Durometer: Soft or Firm?
Silicones for manufacturing are available in durometers ranging from 5 to 80 Shore A. Durometer has a significant impact on manufacturability at all stages. Parts that are made with very soft or very firm silicones can be difficult to remove from the mold. Soft parts tend to stick to the mold surfaces more while parts made with firm silicone are more brittle and may tear or break during removal. For optimal manufacturability, we recommended using a silicone with a durometer between 30 and 70 Shore A.
Clear or Colored?
Colorants come in a wide variety of hues and can be mixed into LSR or HCR materials at very precise amounts. Adding color to your part can benefit component manufacturing and assembly in several ways:
- Similar, hard to distinguish parts can be colored differently, making them easier to tell apart visually.

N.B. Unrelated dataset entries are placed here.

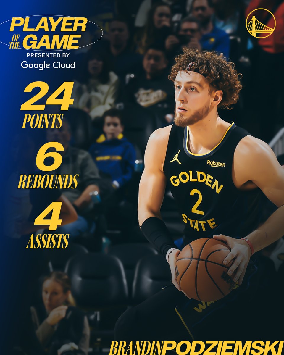 勇士官方账号报道,布兰丁·波杰姆斯基(No.2)创下赛季得分新高@googlecloud||本场最佳球员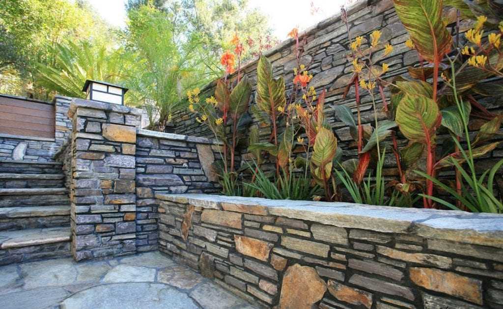 Природный камень отлично смотрится в ландшафтном дизайне. Поэтому его также можно использовать для создания ограждений. С помощью природного камня можно создавать различные формы. Если необходима укладка нескольких слоев материала, необходимо скрепить элементы между собой цементным раствором или специальным клеем.
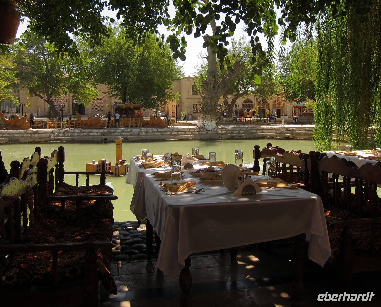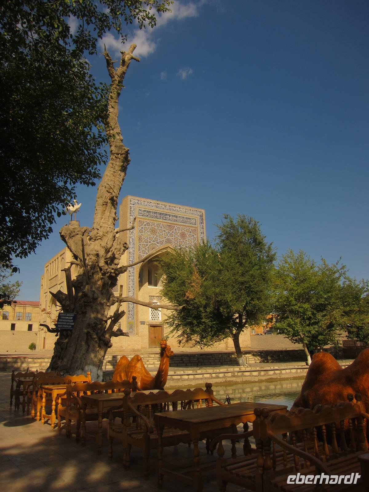 Dieser Tag stand ganz im Zeichen von Buchara, einer der schönsten Städte des Landes. Während der Stadtbeischtigung sahen wir die Medrese Nodir Devon Begi sowie den auf dem Esel sitzende Hodja. Weiter ging es mit dem Bus zum Samaniden-Park, mit dem gleichnamigen Museum. Weiter ging es zur Hiobsquelle, wo Zika etwas zur heutigen Wasserversorgung der Stadt und des Landes erklärte. Später ging es dann auf den Markt von Buchara. Später wurde die Moschee mit den 40 Säulen sowie die ehemaligen Festung Bucharas beischtigt.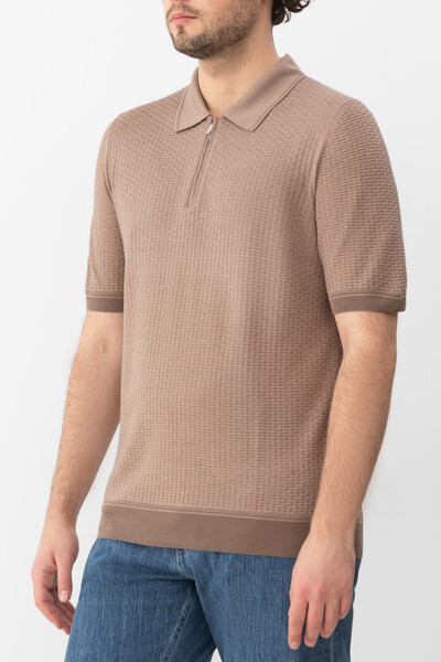Поло Zilli с широким эластичным поясом и манжетами на резинке для оптимальной посадки. Для производства изделия прямого силуэта выбран шелковый трикотаж с фактурным геометрическим узором с эффектом плетения, выполненным в тон. Планка, прикрывающая короткую молнию, изготовлена из фактурной кожи миссисипского аллигатора. Отложной воротник, манжеты и пояс обрамлены двойной полосой-окантовкой.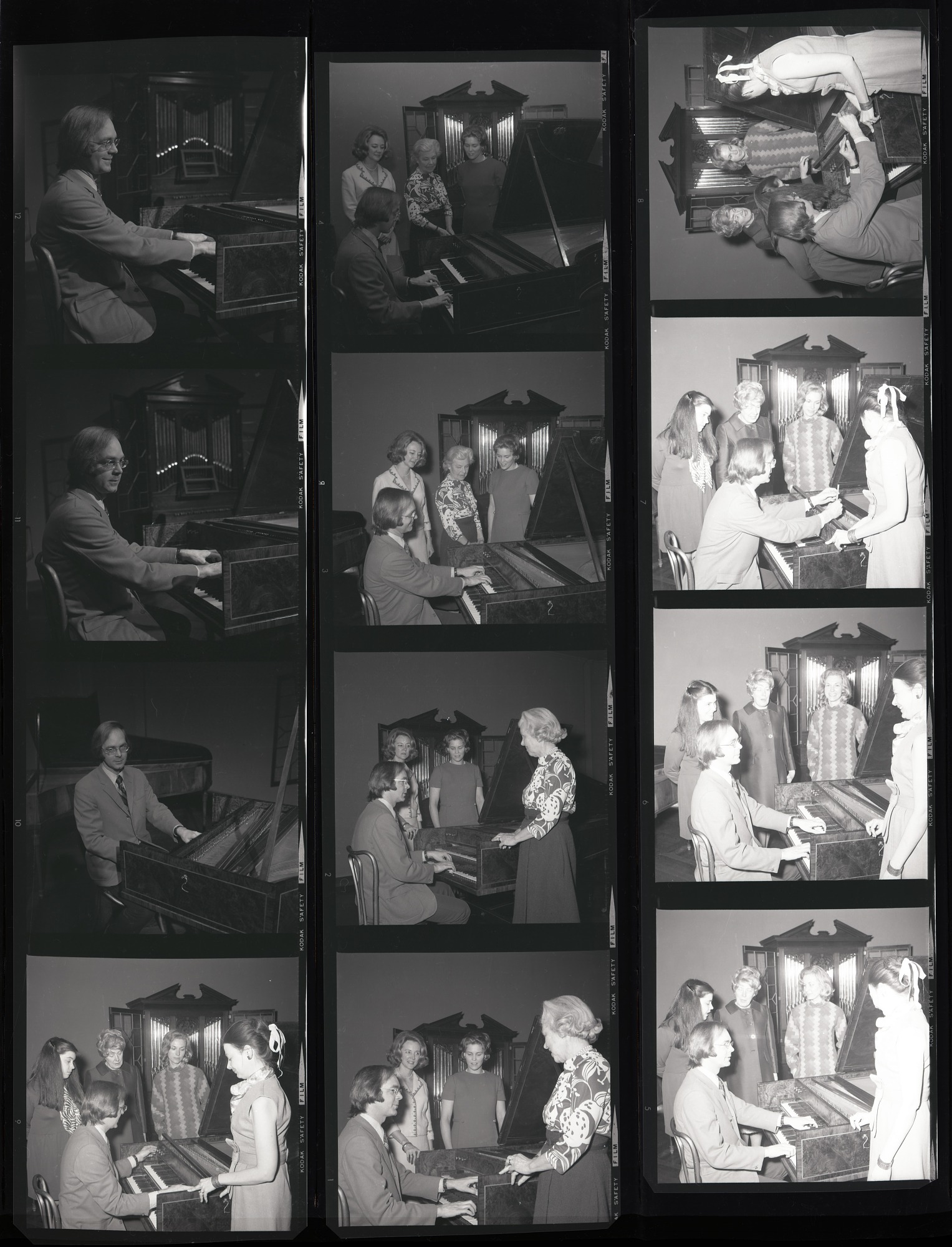 Friends of Music program in the Hall of Musical Instruments at the National Museum of History and Technology, now known as the National Museum of American History, with Concert Director James M. Weaver on the harpsichord.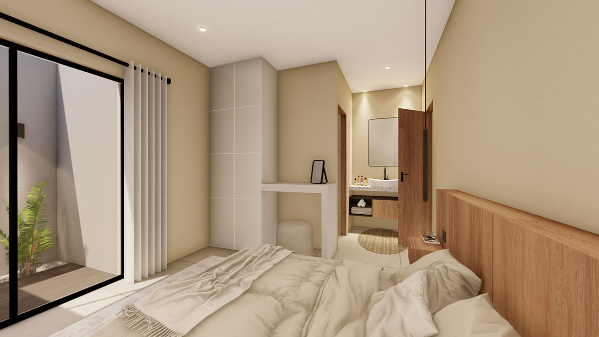 - Three spacious bedrooms, each with private en‑suite bathroom and walk‑in closet.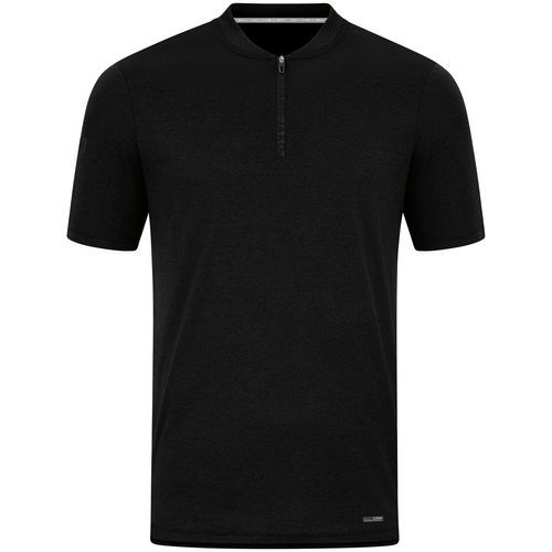 Polo de sport Pro Casual Jako Fermeture éclair avec marquage JAKO Couture latérale Schlitz Soft touch Les fibres microfines évacuent directement l'humidité à la surface du tissu Les matériaux utilisés sont composés à au moins 50 % de polyester recyclé Coloris : noir

- Coloring very small or micro-size parts can make them easier to see and handle, especially against a white background.
- Very small, fully encapsulated bubbles or incursions of foreign material in a thick wall area are more easily hidden in colored silicone than in clear silicone. This can reduce the quantity of parts rejected solely for these minor cosmetic defects.
- Colored silicone can improve the accuracy and repeatability of measurements obtained from non-contact (i.e. optical) measurement processes.
Dimensioning and Tolerances
The dimensioning and tolerances of a silicone part can make or break a new project. The application of dimensions, selection of critical dimensions, and size of tolerances are all key to manufacturing success. The main things to keep in mind when dimensioning a silicone part are to apply dimensions to silicone (not to the spaces between silicone), and keep tolerances to a minimum of 2.5% of the dimension or ±.003 inches, whichever is greater.
Application of Dimensions
While anything can be dimensioned on paper, not everything may be practical or even possible to measure accurately and repeatably. Examples include:
- Radii that are less than 90° of a circle
- Angles that have reference surfaces of less than .010”
- Referencing to theoretical transitions, such as a transition point from a flat surface to a radius.
- Referencing theoretical planes/surfaces in the use of GD&T
If there is a situation when these types of dimensions need to be applied, it is a good practice to make them reference dimensions if possible. Although doing so voids the application of tolerances, the development of a project won’t be slowed when the inspection data doesn’t meet certain statistical standards.
Selection of Critical Dimensions
Critical features are typically those that will be measured in production as part of continued quality assurance. They must also meet higher statistical requirements than non-critical dimensions used during development. The success of a project can hinge on the selection of critical dimensions.
When selecting critical dimensions, there are some important things to consider.
A critical dimension located in a rigid area of a part will prove more likely to be measured within specification than one located in a more pliable region. Also, if a rigid feature is being measured, the methodology used to measure it will be easier to develop. Typically, simpler fixtures will be required, and both the measurement times and number of fixtures required will be decreased. Measuring rigid features will also yield more consistent data, which will be reflected in improved statistical results.
Successful silicone molded components must not only perform as intended, but must also be designed from the beginning to be manufacturable. By making the right material, color, durometer, dimension, and tolerance choices OEMs can develop molded devices and components that can be reliably manufactured in large volume—while minimizing scrap rates and their losses.